Primary LanguagePythonGNU General Public License v3.0GPL-3.0

SCanSNP

Installation

conda create -n SCanSNP python==3.8
conda activate SCanSNP
conda install -c conda-forge r-base=3.5.1 r-ggplot2 r-mixtools r-dplyr r-robustbase r-cluster r-gridExtra 
git clone git@github.com:GiuseppeTestaLab/SCanSNP.git
pip3 install ./SCanSNP

Or docker image

docker pull davidecast/scansnp:1.1.0

Usage

SCanSNP --vcf $multi_sample.vcf --barcodes $barcodes.tsv --bam $bam_file --outdir $output_directory

additional args

--mode {deconvolution,matrixgen,skipcount}
	anndata with ref and alt reads information [not extensively tested]
 
	deconvolution: default mode will run through the full demultiplexing given 
	input vcf, barcodes list and bamfile
       
	matrixgen: scansnp will only generate anndata with nBarcodes x nLoci 
	counts for each allel will be stored in adata.layers["RefReads"] and adata.layers["AltReads"] 
	the default .X will be same as adata.layers["RefReads"]
	 
	skipcount: pick up the demultiplexing starting from previously saved anndata
	
--counts COUNTPATH: path to previously obtained anndata (--mode matrixgen) mandatory if --mode skipcount
--threads NTHREADS    threads to be used
--segmentation Path to segmentation tsv file with barcodes X number of nuclei. 
	When --platform visium is specified this file can be provided to improve the signal to noise calculation and will unlock the formal assignment of multiple genotypes per pack

--platform {chromium,visium}

10.1.2022 - Changes

Modifications in SCanSNP.py

  • fixed bug:

     """ Traceback (most recent call last):
 File "/home/davide.castaldi/git/SCanSNP/SCanSNP/SCanSNP.py", line 177, in
 Counts = CountData(varAdata.layers["sparse_Ref"], varAdata.layers["sparse_Alt"], varAdata.var_names, varAdata.obs_names)
 File "/home/davide.castaldi/.local/lib/python3.6/site-packages/anndata/_core/aligned_mapping.py", line 148, in getitem
 return self._data[key]
 KeyError: `sparse_Ref` """

    by changing sparse_Ref and sparse_Alt to RefReads and AltReads

Modification in GenUtils.py

  • in CountData class: when initializing the class, sparseAlt and sparseRef matrices are transposed. This allow the program to load and correctly use a previously saved anndata (varAdata.h5ad) generated with one of the other SCanSNP modalities where both reference and alternative matrices are saved in the object as barcodes x loci matrices.

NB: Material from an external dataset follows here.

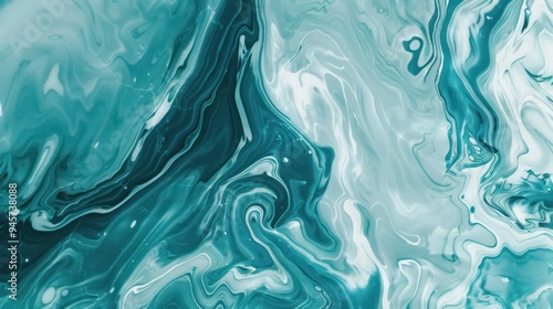 © @_ greta, Fototapeta premium Abstract Swirling Turquoise and White Paint

Modification in classifyUtils.py

  • in barcodeClassifier_main():
    • Added the computation for each ID of the number of negative and positive barcode and of their percentage over the total. Then:

      • if a certain ID has a low number of positive barcodes (in percentage), then the computation of the positive rate and the model fitting for the classification is skipped and instead we add an empty string for all the barcodes. The chosen minimum threshold is 1% of positive barcodes over the total.

      • if a certain ID has a low number of negative barcodes (in percentage), then the computation of the positive rate and the model fitting for the classification is skipped and instead we add that ID to all barcodes. The chosen minimum threshold is 0.5% of positive barcodes over the total.

NB: The thresholds have not been tested.